D Hart

Blame it on Constantine
D.G. Hart

First, let me admit a measure of delight in seeing Covenanters disagree with each other. But I’ll also concede that this does not disprove the mediatorial kingship of Christ. It only makes it fun to watch.

Second, I find Caleb’s intervention particularly helpful regarding the historical moment of both Augustine’s City of God and Luther’s two kingdoms. Protestantism did let a genie out of the bottle and my sense is that the Covenanters, Kuyperians, the religious right, and political theologians as different as Oliver O’Donovan and Stanley Hauerwas — pardon me for grouping all together; I recognize differences — are trying to put it back.

I want to highlight two things that Caleb wrote. The first concerns Augustine’s vision of society, “a decentralized system of small states organized around communal loved things held in common, a community of communities, just as a community is a gathering of families existing under the ’sacred canopy’ provided by the church.” This sounds appealing, but I wonder if this is what the church is supposed to do, as if Christ and the apostles died so that we could have healthy communities or a Christian civilization. That doesn’t mean that I think they wanted us to live in unhealthy communities or like barbarians. But one of the benefits of the Reformation, in my view, was to challenge the inherent utilitarian understanding of Christianity implicit in the sacred-canopy construction. God’s ways are not man’s. Earthly cities come and go and God’s designs remain. Yes, Protestantism yields a disenchanted universe. But it is also a universe shorn of utopia, one fundamentally at odds with immanentizing the eschaton.

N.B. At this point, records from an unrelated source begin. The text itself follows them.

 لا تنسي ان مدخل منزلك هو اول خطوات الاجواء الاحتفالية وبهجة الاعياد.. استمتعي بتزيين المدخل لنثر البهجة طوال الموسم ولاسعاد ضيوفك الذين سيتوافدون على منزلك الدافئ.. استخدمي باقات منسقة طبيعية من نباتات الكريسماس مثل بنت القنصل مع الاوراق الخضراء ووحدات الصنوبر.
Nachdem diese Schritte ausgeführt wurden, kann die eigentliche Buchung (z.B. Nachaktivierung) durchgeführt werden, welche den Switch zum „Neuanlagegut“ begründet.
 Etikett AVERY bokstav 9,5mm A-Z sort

This relates directly to my second point, namely, the quotation of Tillich in Caleb’s post: “the Middle Ages were dominated by one problem, namely, to have a society which is guided by a present reality of a transcendent divine character. This was the problem of the Middle Ages:
‘to have the holy present.’” What if the point of Christianity is not to have the holy present? Or to put it more carefully, what if the point is to have a spiritual glimpse of it when we enter the holy of holies on the Lord’s day with all the assembled saints and angels? And then the rest of the week we are strangers and aliens, the sort of folk that Calvin had in mind back in my original post on kingship.

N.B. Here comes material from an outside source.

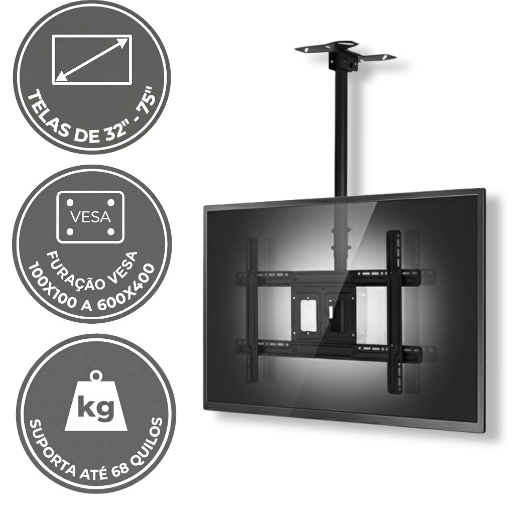 GT1030: Suporte De Teto Altura Regulável Maximize a visibilidade e otimize o espaço do seu ambiente com este Suporte Premium. Fabricado em Aço (Laminado a Frio), ele oferece segurança máxima para TVs de médio e grande porte. Seu grande diferencial é a haste telescópica que permite ajustar a altura da TV de 75cm até 1,5 metros do teto, adaptando-se facilmente. ESPECIFICAÇÕES TÉCNICAS Compatibilidade de Tela: 32" a 75" polegadas. Local de Instalação: Teto ou Parede. Padrão VESA: De 100x100 até 600x400mm (Compatível com a maioria das TVs do mercado). Material: Aço Carbono SPCC de alta resistência. Peso Aprox. do Produto: ~5kg (Estrutura robusta). AMPLITUDE DE MOVIMENTOS: °Giro no Teto: 160°. °Inclinação Vertical: 15°. °Rotação da Tela: 60° (Ajuste lateral/nível). °Extensão do Mastro: Mínimo 750mm / Máximo 1500mm. °Acabamento Premium: Tratamento de superfície em Pintura Eletrostática. POR QUE ESCOLHER ESTE SUPORTE DE TETO? °Versatilidade: Diferente dos suportes apenas de parede, este modelo permite instalar a TV no meio da sala, no pé da cama. No teto ou na parede. °Organização: Permite a passagem de cabos por dentro do tubo, mantendo o visual limpo. °Ajuste Preciso: Com a variação de altura de quase 750 a 1500mm, você garante que a TV fique na altura exata dos olhos, seja em um bar alto ou em uma sala de estar baixa. °Segurança SPCC: Construído com aço de especificação industrial, garantindo que sua TV de 70" fique suspensa com total estabilidade. CONTEÚDO DA EMBALAGEM: - 01 Suporte de Teto Telescópico. - 01 Kit de Parafusos e Buchas para fixação no teto e na TV. - 01 Manual de Instruções (Montagem passo-a-passo). Dica rápida: ° Antes de comprar, verifique o padrão VESA da sua TV — garantir medida compatível. Segurança e Garantia: ° Compra 100% segura com nota fiscal e garantia de 90 dias contra defeitos de fabricação. Satisfação garantida — ou devolução gratuita em até 7 dias. Garantia do vendedor: 90 dias

The more I reflect on the significance of the Reformation I do recognize how much it destroyed that sacred canopy. But I also tend to think that for the sake of the gospel this is a good thing. It restores to Christianity what is truly profound about redemption. It also leaves the task of community building in a state of turmoil with lots of contested claims and certainly plenty of attempts nonetheless to immanentize the eschaton.

If it’s not too crass, and this brings in Bill’s post (and I wish he’d refer to me by my first name even if he can’t spell it), it seems that the assertion of Christ’s kingship over the nations is an effort to restore the sacred canopy. I still wonder what that looks like. But I’m more concerned with what that will do to Christianity, that it may invite people to think that things go better with God, which is not exactly what our Lord promised.